Beide waren auch im Hauptberuf mit der Wortkunst verbunden.
Franz als Schauspieler und Regisseur, Paul als Redakteur.
Theatergeschichte schrieben sie mit dem gemeinsam verfassten
Schwank "Der Raub der Sabinerinnen", der der
Theaterwelt ein Denkmal in der Gestalt des Theaterdirektors
Emanuel Striese beschert, der ebenso enthusiastisch wie rührend
erfolglos sein Wandertheater durch die provinzielle und
finanzielle Misere steuert.
Franz von Schönthan wurde nach seiner Zeit als
Marineoffizier Schauspieler in Dessau, später ging er nach
Berlin. Dort begann er Bühnenstücke zu schreiben. 1883
wurde er Oberregisseur am Wiener Stadttheater. Lustspiele
und Schwänke waren sein Metier. "Das Mädchen aus der
Fremde" und "Sodom und Gomorrha" kamen 1880
auf die Bühne, "Der Schwabenstreich" 1883. Es
folgten noch Dutzende von Komödien.
Paul von Schönthan arbeitete 1887-90 als Redakteur der
"Lustigen Blätter" in Berlin. Als
Feuilletonredakteur kehrte er 1892 nach Wien zurück,
arbeitete hier beim "Neuen Wiener Tageblatt" und
ab 1902 bei der Abendpost. 1886 und 1888 veröffentlichte er
Lustspiele wie "Zimmer Nr. 18" und "Sturm in
Not", daneben viele Erzählungen, Novellen und
humoristische Romane.
Zusammen mit seinem Bruder brachte er sieben Bände
"Kleine Humoresken" heraus.

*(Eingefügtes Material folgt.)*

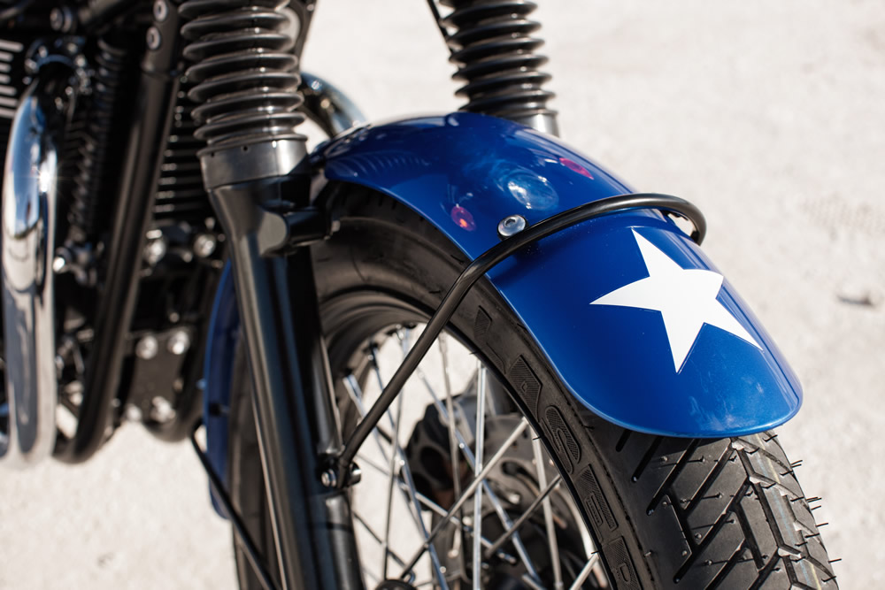 La nueva Bonneville T214 SE, recordando el diseño de Johnny Allen de 1956 “The Texas Cee-Car”, presenta un esquema de pintura de detalles a mano de color Caspian Blue y Pure White, complementada con exclusivos retoques en rojo y blanco, similares al de los años ’50. En el tapabarro delantero incorpora la estrella blanca distintiva en la ojiva de la streamliner de Allen. Además, destaca el color negro que se ha aplicado en el manillar y muelles traseros, así como las costuras en rojo de su asiento y faro delantero, que es esta edición es más pequeño.

Beide besaßen die
Gabe, in jeder Lebenssituation das komische Element
entdecken und künstlerisch umsetzen zu können. Ihre
"Klamotten" stehen in der Tradition des um 1800
die deutschen Bühnen eifrig mit leichter Kost versorgenden
August von Kotzebue und wurden im 20. Jahrhundert unter
anderem von Curt Götz mit der modernen Boulevardkomödie
fortgesetzt.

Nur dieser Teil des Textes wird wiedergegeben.